** Opening Given records block **

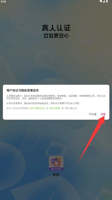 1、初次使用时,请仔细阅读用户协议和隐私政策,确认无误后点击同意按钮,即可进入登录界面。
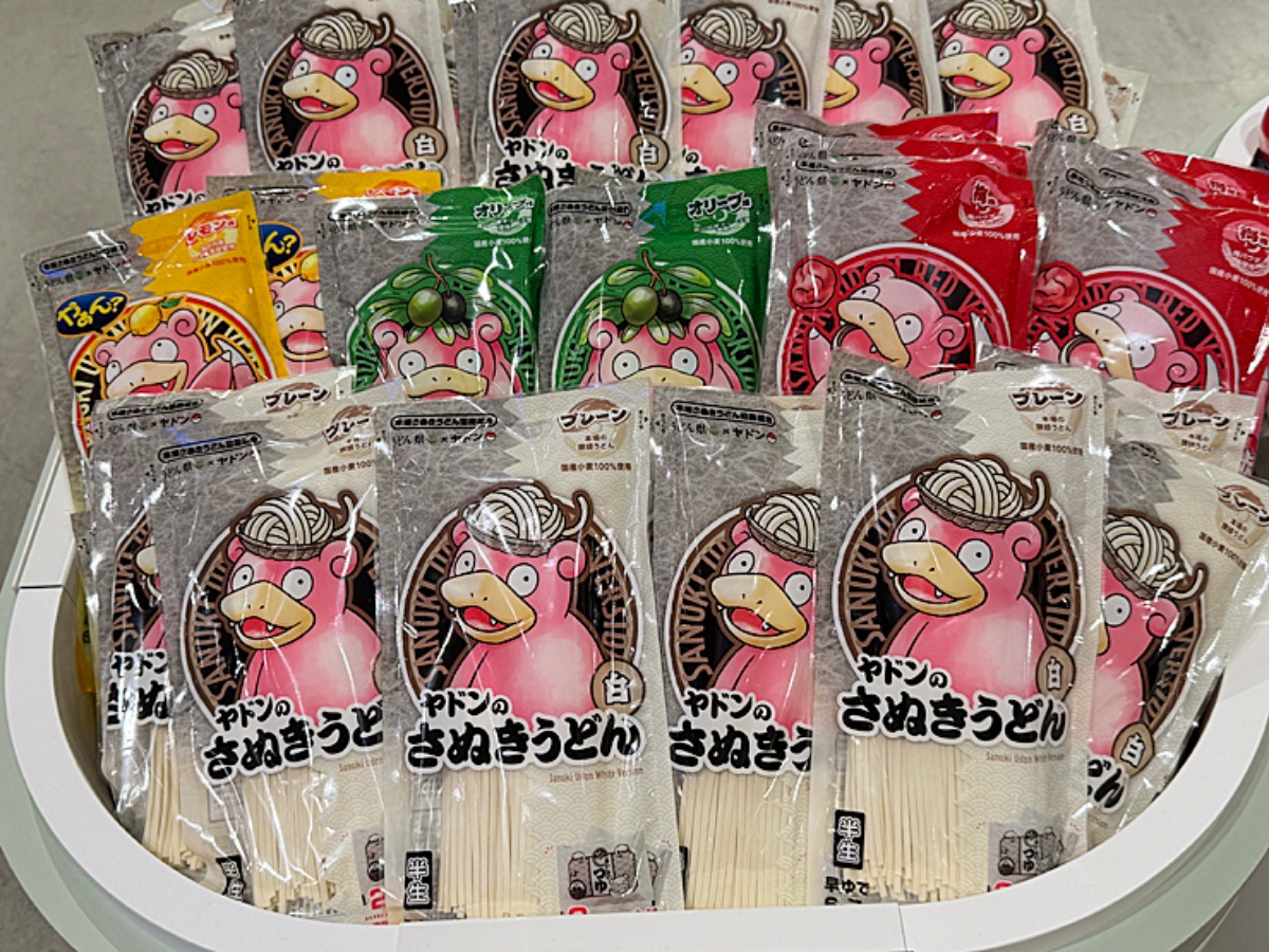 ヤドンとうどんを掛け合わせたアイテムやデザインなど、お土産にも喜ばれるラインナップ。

** Closing Given records block **
** Opening Given records block **

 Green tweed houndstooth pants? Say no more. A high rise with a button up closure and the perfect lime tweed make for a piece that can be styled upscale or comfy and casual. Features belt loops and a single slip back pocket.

** Closing Given records block **
** Opening Given records block **

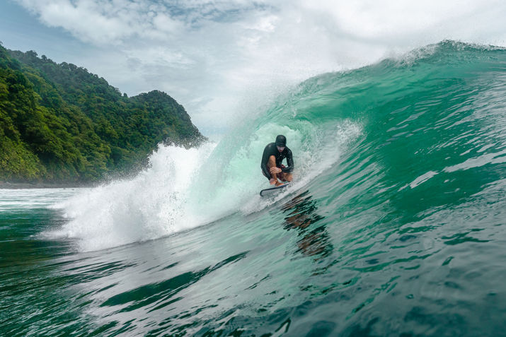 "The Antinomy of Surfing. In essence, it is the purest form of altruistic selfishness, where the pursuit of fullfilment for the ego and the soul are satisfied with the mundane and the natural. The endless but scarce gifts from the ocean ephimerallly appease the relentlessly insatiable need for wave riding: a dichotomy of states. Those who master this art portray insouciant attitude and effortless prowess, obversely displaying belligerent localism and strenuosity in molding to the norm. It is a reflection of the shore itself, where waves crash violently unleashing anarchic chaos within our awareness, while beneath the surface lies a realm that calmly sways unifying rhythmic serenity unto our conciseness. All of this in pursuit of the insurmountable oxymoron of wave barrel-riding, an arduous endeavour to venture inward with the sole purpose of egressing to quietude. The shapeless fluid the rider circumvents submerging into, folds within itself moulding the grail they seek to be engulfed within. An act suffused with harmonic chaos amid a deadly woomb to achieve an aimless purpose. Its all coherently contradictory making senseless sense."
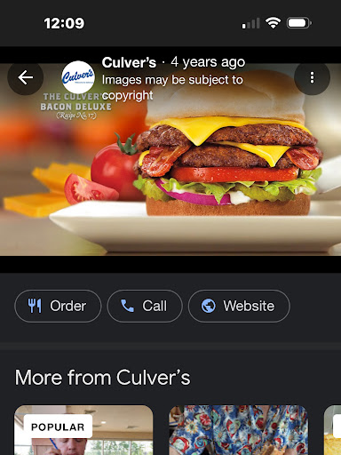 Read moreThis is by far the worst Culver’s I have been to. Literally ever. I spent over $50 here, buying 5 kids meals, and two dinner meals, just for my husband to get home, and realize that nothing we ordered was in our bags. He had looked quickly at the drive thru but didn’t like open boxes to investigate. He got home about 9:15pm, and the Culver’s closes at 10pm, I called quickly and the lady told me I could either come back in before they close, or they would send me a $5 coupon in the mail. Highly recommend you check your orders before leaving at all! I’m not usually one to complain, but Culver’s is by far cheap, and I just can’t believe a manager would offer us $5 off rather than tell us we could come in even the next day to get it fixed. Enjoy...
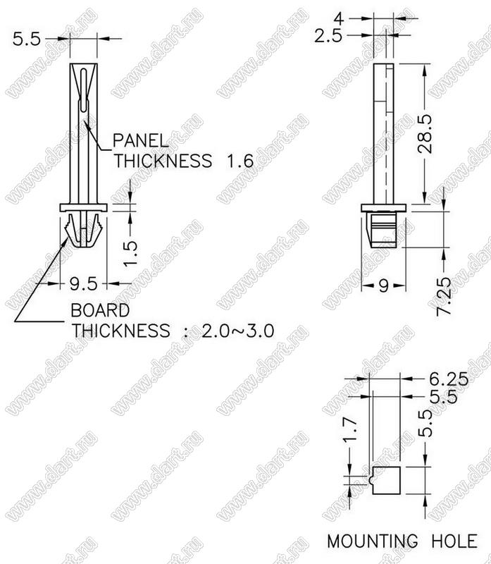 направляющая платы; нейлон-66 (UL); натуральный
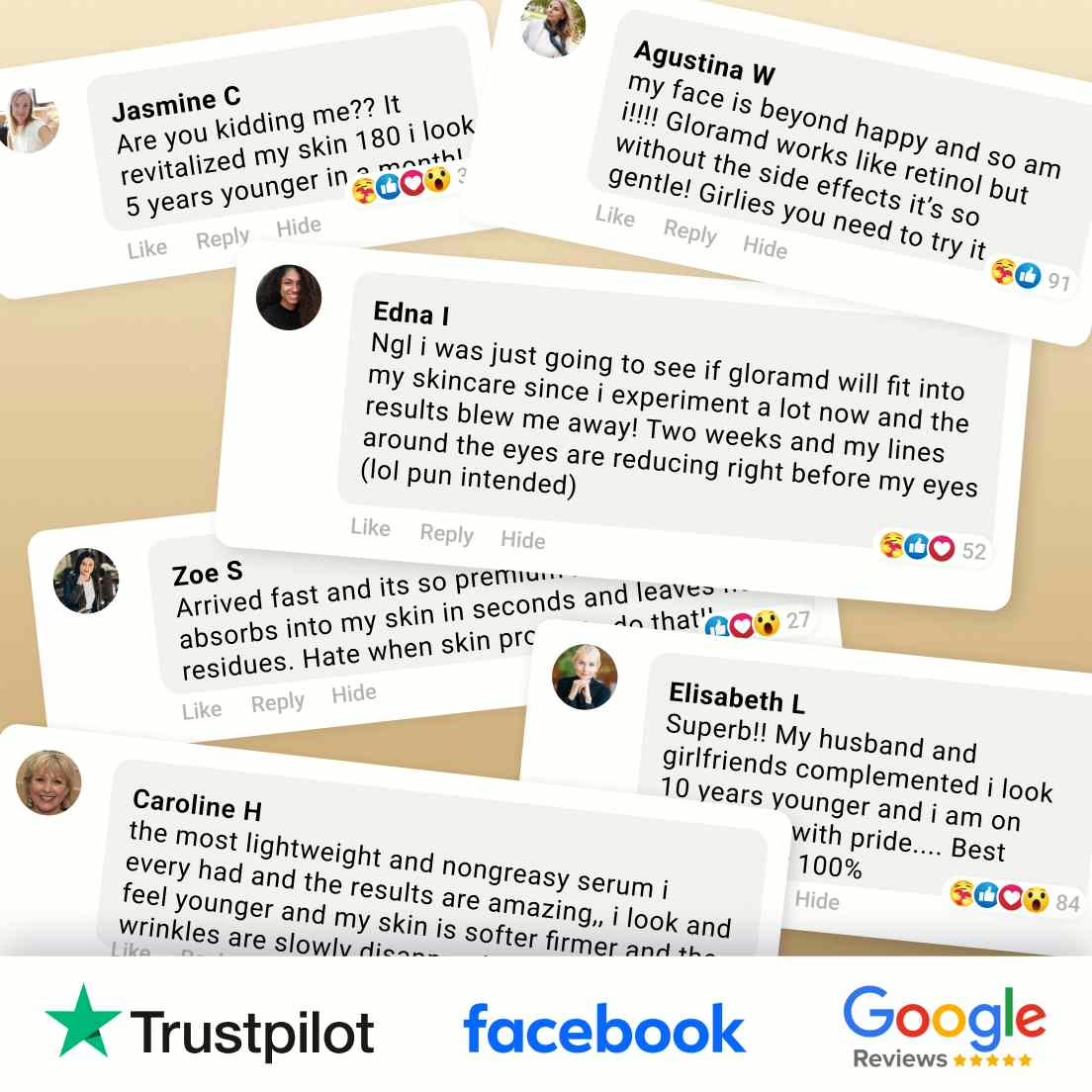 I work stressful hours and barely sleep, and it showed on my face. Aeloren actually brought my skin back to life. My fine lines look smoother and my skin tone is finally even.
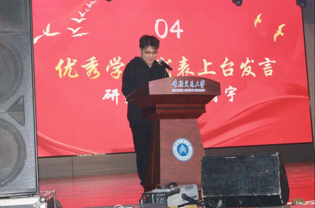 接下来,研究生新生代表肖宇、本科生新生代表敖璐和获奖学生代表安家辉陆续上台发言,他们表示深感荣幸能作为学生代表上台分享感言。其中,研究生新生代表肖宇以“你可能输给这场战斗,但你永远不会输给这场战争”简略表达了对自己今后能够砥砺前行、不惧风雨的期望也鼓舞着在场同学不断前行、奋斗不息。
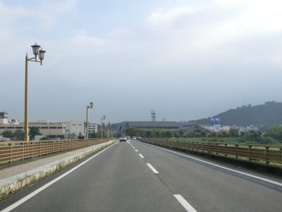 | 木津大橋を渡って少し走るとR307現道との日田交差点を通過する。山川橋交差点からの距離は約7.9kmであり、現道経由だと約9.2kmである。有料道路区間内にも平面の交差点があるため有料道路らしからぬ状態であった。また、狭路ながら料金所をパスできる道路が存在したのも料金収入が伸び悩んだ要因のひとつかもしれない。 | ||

** Closing Given records block **

**Exercise description:**
Extract, without any images, the part of the material above that opens with the line containing "1、初次使用时,请仔细阅读用" and closes with the line containing "ヤドンとうどんを掛け合わせた", both lines included.

**Answer area:**
 1、初次使用时,请仔细阅读用户协议和隐私政策,确认无误后点击同意按钮,即可进入登录界面。
 ヤドンとうどんを掛け合わせたアイテムやデザインなど、お土産にも喜ばれるラインナップ。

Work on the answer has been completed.